Het krachtdadig gebed van een rechtvaardige is tot in veel in staat. Deze tekst uit de brief van Jakobus (5, 16) heb ik vaak mogen bidden aan de rand van een ziekbed als het sacrament van de ziekenzalving werd gegeven. Soms is een zieke nog maar tot weinig in staat. Maar een rechtvaardige heeft de mogelijkheid in zich van redding. Zijn gebed alleen al is genoeg om te reiken naar en te raken aan zijn verlossing, aan heelheid. Wat daarop volgt is de zalving zelf, tastbaar teken dat Gods heil werkzaam is blijkens de olie die over deze mens wordt gestreken. Niet zelden blijft een dankbaar mens achter, die zich opricht of die met vergeving of met een dankbaar hart de omstanders toespreekt.
Aan het sacrament gaat dikwijls het verlangen vooraf naar verlossing.
Als kritiek op de misstanden in de kerk van de zestiende eeuw, benadrukte Luther dat het verlangen van een zieke naar redding en heelheid voldoende is om het sacrament van het heilig oliesel te ontvangen zonder eerst te moeten voldoen aan allerlei aanvullende voorwaarden die de kerk stelt.

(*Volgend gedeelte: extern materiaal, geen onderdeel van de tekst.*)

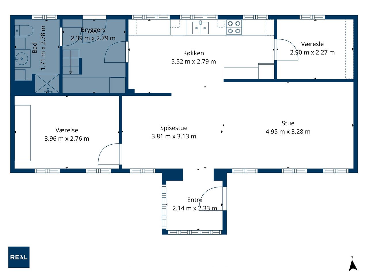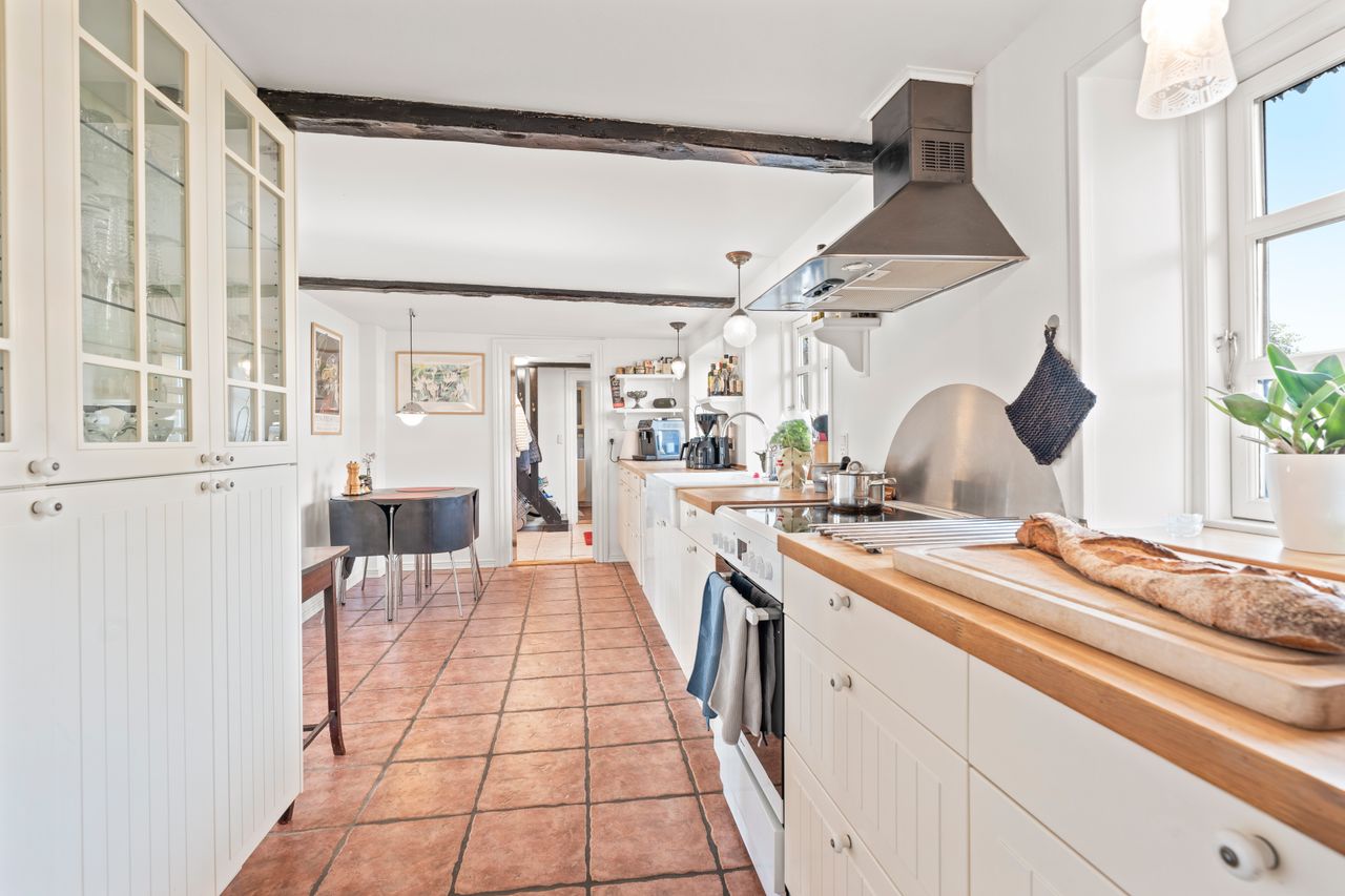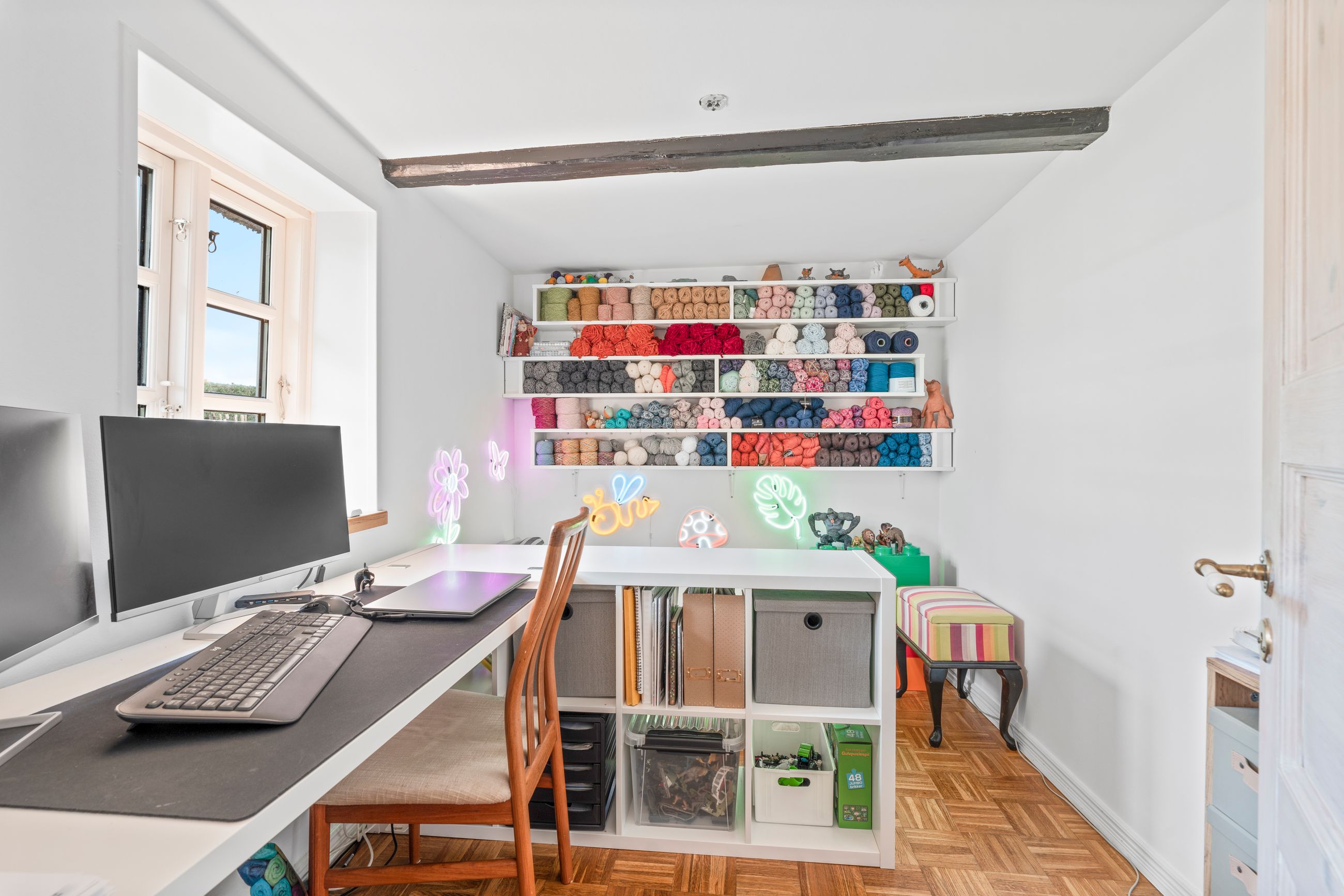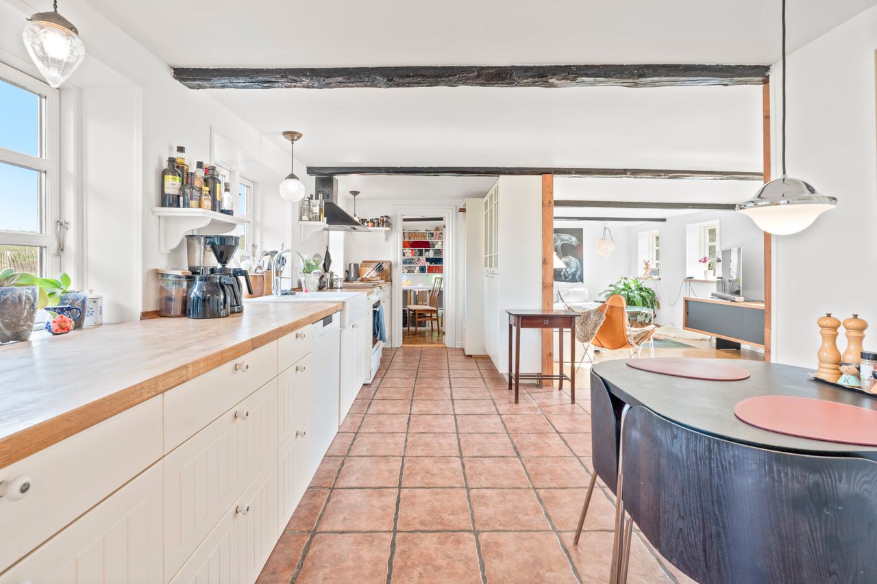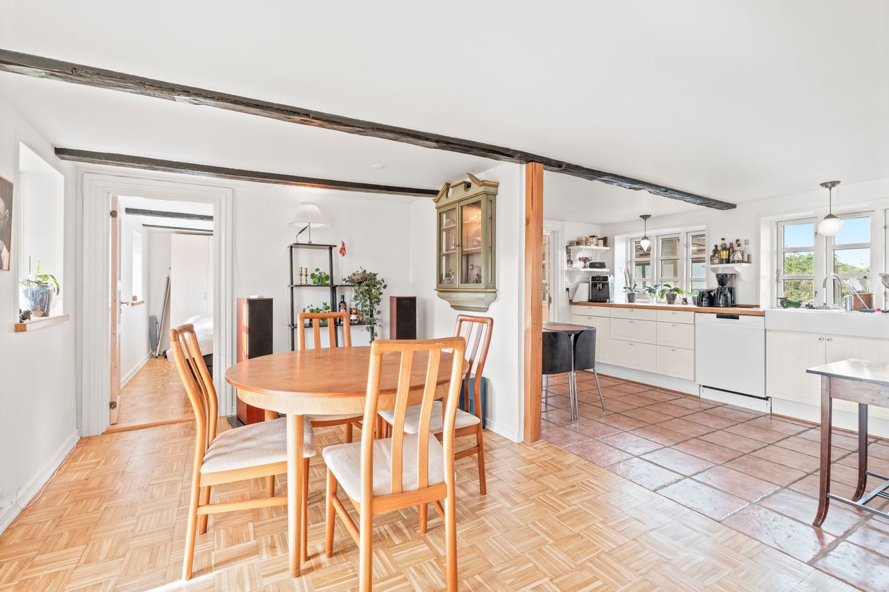 Fra køkken og stue er der et behageligt lysindfald og kig til den store grund, hvor der er god plads til både leg, dyr og udeliv. Ejendommen rummer desuden mulighed for at udnytte førstesalen, hvis du ønsker ekstra værelser eller et kontor med udsigt over landskabet.

God heeft niet zoveel nodig van ons – het gebed van een rechtvaardige is voldoende – om verlossing te doen. In de viering van de tweede zondag van de Veertigdagentijd horen we dat Mozes en Elia op de berg spreken met Jezus.Maar op het moment dat God over Jezus spreekt als zijn uitverkoren zoon, is er niemand meer te zien dan Jezus alleen. Teruggetrokken naar of teruggeworpen op jezelf, verkeert een mens soms noodgedwongen in eenzaamheid en in verlatenheid. Verzwakt door ziekte, overspoeld door golven van rouw, of verteerd door verdriet, aangeslagen door ontslag, teneergedrukt door lasten kan het verrassend zijn hoe in die mens het verlangen aanwezig blijft, de hoop niet uitdooft, de krachten van bidden en vertrouwen toenemen. In de Veertigdagentijd oefenen we ons om te zijn zoals Jezus, om in de eenzaamheid de krachten te hervinden die het mogelijk maken om te reiken naar verlossing,
om in die liefde te blijven waarmee God zijn zoon heeft liefgehad en waarmee Hij over hem heeft gesproken. In de teruggetrokkenheid van de Veertigdagentijd proberen wij met de herwonnen lichamelijke én geestelijke krachten onze relaties met God en de medemens te verbeteren. Dáár is het met name in deze periode naar Pasen om te doen. Het doel is dat wij dankzij de herstelde eenheid met Christus ook met hem Pasen zullen vieren, het feest van de verlossing.